В своих очерках Гончаров настойчиво проводил мысль о необходимости гуманно относиться как к отдельному человеку, так и ко всем народам, отстаивал идею мира и дружбы между различными нациями. Особенно сочувствовал Гончаров китайскому народу и верно провидел, что «этому народу суждено играть большую роль в торговле, а может быть и не в одной торговле». Он восхищался трудолюбием и талантливостью китайского народа и с гневом осуждал «повелительно-грубое» обращение англичан с ними и другими народами. «Не знаю, — говорил он, — кто из них мог бы цивилизировать — не китайцы ли англичан…»
* * *
Поход военного русского корабля «Паллада» из Петербурга на Дальний Восток — одна из славных страниц истории отечественного мореплавания. Официальной задачей экспедиции на фрегате «Паллада» было установление сношений с Японией. Царское правительство преследовало, конечно, в данном случае свои корыстные цели. Но с другой стороны этот поход имел прогрессивно-историческое значение, так как способствовал мирному сближению двух соседних государств, чего нельзя было сказать о действиях эскадры коммодора Перри, посланной еще ранее американским правительством для «открытия дверей» в Японию. США вели в то время широкую экспансию в районе Тихого океана. Угрожая оружием, США навязали Японии неравный, выгодный только для себя торговый договор и заставили ее открыть ряд портов.

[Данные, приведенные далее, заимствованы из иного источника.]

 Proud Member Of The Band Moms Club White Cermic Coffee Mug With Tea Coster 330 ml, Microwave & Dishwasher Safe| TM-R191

Русские избрали путь равноправных переговоров и не угрожали суверенитету японского государства. По свидетельству одного из иностранцев, хорошо знавшего Японию того времени, «честь мирного склонения» японского правительства к заключению обоюдовыгодного торгового договора принадлежала русским, в частности адмиралу Путятину.
[115]
В мае 1854 года фрегат «Паллада» прибыл к месту последней своей стоянки — в устье Амура (где впоследствии и был затоплен по приказу командования). После долгого ожидания, наконец, на корабле были получены точные известия о начале войны с Англией. Первое известие доставила шхуна «Восток» еще в конце марта 1854 года. В этой обстановке, писал Гончаров, «надо было думать о защите фрегата и чести русского флага, следовательно, плавание наше, направленное к мирной и определенной цели, изменялось… Цель путешествия изменилась, с этим прекратилась и надобность во мне».
Для Гончарова наступил момент прощания с кораблем, с его людьми, мужество которых он так высоко ценил.

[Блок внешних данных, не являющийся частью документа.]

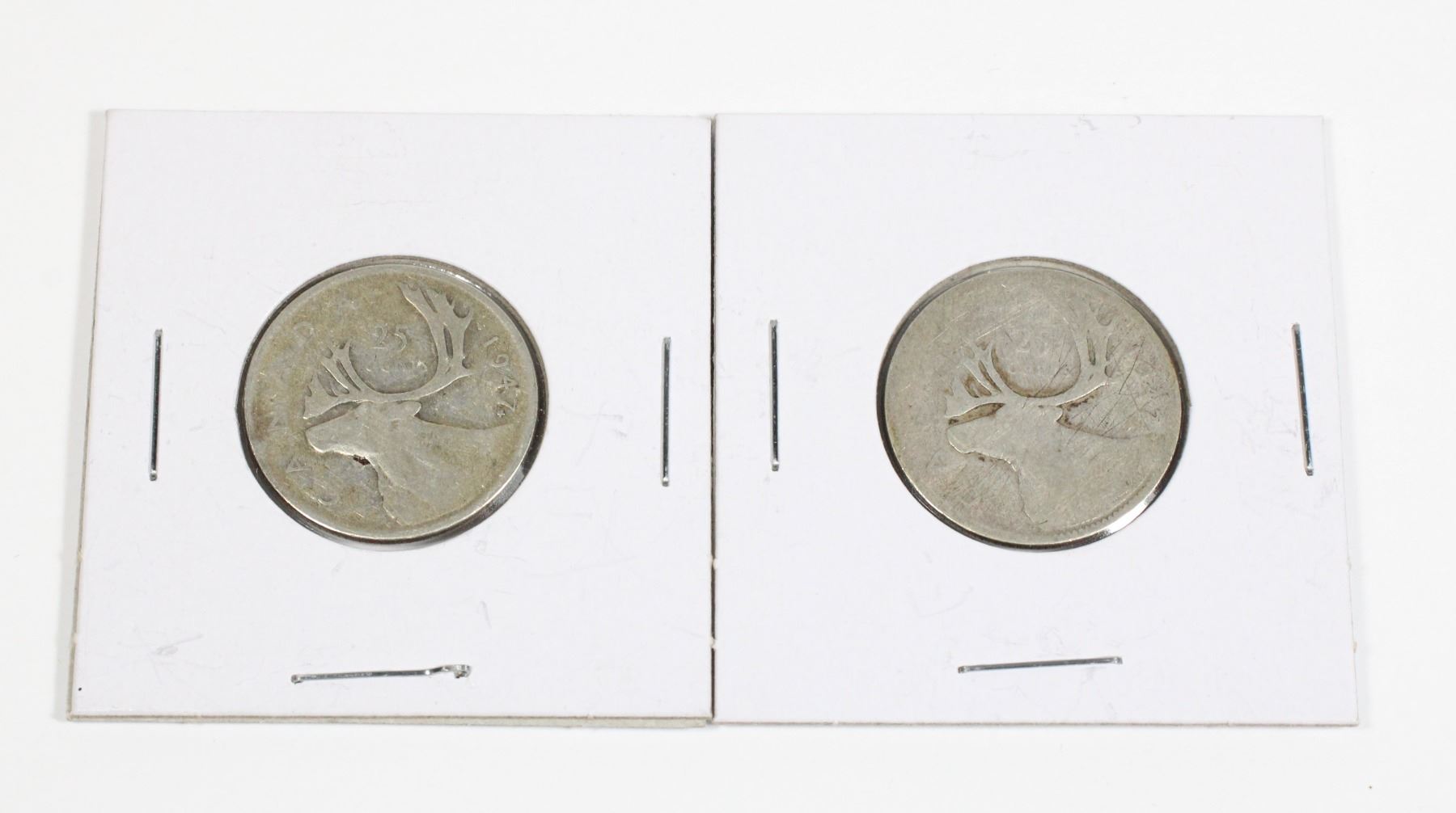 Lot of 2 1947 Silver Coin Quarter 25 Cents King George VI Canadian Currency

В очерках Гончарова есть прекрасный образ русского фрегата. Кажется, что это живое, гордое существо — оно дышит, трудится, страдает, но борется до конца. «Странно однако ж устроен человек, — делился своими чувствами с петербугскими друзьями Гончаров; — хочется на берег, а жаль покидать и фрегат! Но если бы Вы знали, что за изящное, за благородное судно, что за люди на нем, так не удивились бы, что я скрепя сердце покидаю «Палладу».
Путешествие было окончено. «Два года плавания, — признавался Гончаров, — не то что утомили меня, а утолили вполне жажду путешествия. Мне хотелось домой, в свой обычный круг лиц, занятий и образов».
* * *
Наконец Гончаров «расквитался с морем» и отправился на родину «сухим путем» через Сибирь. «Истинное путешествие в старинном трудном смысле слова, подвиг, — писал он Майковым, — только с этого времени и начался».

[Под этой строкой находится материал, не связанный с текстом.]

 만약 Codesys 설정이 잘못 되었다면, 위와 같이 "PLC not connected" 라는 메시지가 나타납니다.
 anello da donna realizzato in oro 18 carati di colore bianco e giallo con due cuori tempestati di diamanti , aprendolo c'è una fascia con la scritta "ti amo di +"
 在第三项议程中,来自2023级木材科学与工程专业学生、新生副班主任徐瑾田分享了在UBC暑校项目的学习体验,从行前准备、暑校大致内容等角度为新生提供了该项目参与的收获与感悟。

Тогда путешествие по Сибири было сопряжено не только с большими трудностями, но зачастую и с настоящими опасностями. По описанию Гончарова, это был «глухой край, требующий энергии, силы воли, железного характера, вечной бодрости, крепости, свежести лет и здоровья».
Однако Гончарову в пути пришлось воевать не столько с волками и медведями, сколько с… ямщиками. Со станции Жеребинская Иркутской области он писал якутскому губернатору: «…Там господствует совершенная анархия, на которую я грозил пожаловаться государю-императору, потом генерал-губернатору, наконец, самому исправнику. Только последняя угроза и расшевелила ямщиков. Но окончательно подействовали на них волостные старшины, через посредство которых я только и мог получить лошадей…»
Путешествуя по Сибири, Гончаров вел дневник; используя каждую удобную минуту, он заносил мелким, неразборчивым почерком в «памятную дорожную книжку» свои впечатления. Писал всюду: и в «пустой юрте» и «на стоянках в лесу».
Гончаров с глубоким волнением переживал возвращение на родину. «Слава богу, — восклицал он, — все стало походить на Россию!»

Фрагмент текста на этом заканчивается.